Give each student a piece of glass or plastic with one piece of celophane tape
on it. Again ask the students to place the tape between crossed and uncrossed
polarizers and try various orientations of the tape and polarizers. Give them a
few minutes to play with this. You might ask along the way if the tape is just
another polarizer and how can you tell if it is or not? You will find that the
tape will redirect the polarized light similar to what the third polarizer did
and yet the tape is NOT itself a polarizer. You can tell because you cannot
turn the light on and off by using one known polarizer and one piece of tape.
(Note for the interested: the tape is birefringent. It has two indices of
refraction depending on the direction of the vibrations and when you present
polarized light at 45 degrees to these directions some of the wave goes down the
"fast" axis while some goes down the "slow" axis. This can cause a twist in the
direction of the polarization thus allowing the passage of light through the
Now, either on the overhead or individually with the students or both, try
making layers of tape and viewing light through various layers layed down
parallel to each other. You should begin to see a color effect depending on how
many layers. This tends to be "brand dependent" as to what color you get with
how many layers. Try viewing the colors with the polarizers crossed and
uncrossed. They change! Is there a rule for what colors change to what other
Optional - Kyro syrup will also have this twisting effect and not unlike the
tape the color you see when the syrup is between crossed polarizers depends on
the depth of the syrup. You can compare containers of different depths of
syrup. You'll need some sort of container with a flat clear bottom.
Many cheap plastic items such as protractors will show colors which indicate
locations of stress when viewed between crossed polarizers. You can also try a
piece of plastic such as from a zip lock bag. Hold it between crossed
polarizers and slowly stretch it. You should see colors appear indicating
locations of stress.
Note: Many of the things above require you to manipulate things between crossed
polarizers. If you are one of those with only two hands you may want to put one
polarizer on the overhead stage while you hang the other in front of the
overhead lens. Watch out for heat on this one on some overheads.

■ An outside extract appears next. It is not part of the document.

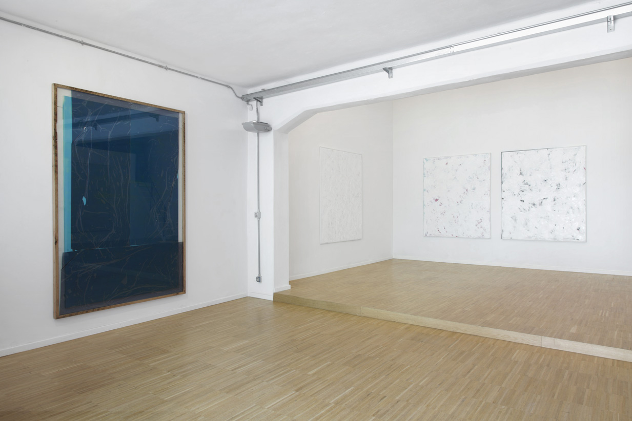 Chris Succo, who lives and works in Dusseldorf, presents his latest series of paintings, in which he first coats the canvas with spray paint and then covers it with gestural signs in white oil paint. As if the intention were to cover the design on the surface of the canvas, he applies materic layers of paint that highlight forms as in a bas relief, in an attempt to obtain an approach closer to sculpture than to painting. The random character of the forms finds a natural balance, thanks to monochromatic expanse lit up by veiled flashes of color.

Ask the students to find a source of polarized light in the room and to explain
how they know that this light is polarized. They may not say the light from one
of the polarizers.
Many reflections off of non-conductors are partially polarized such as from a
table top. You can prove that this light is polarized by looking at it through
ONE polarizer and rotating it. If this light source gets dim and bright then
you are in fact looking at polarized light.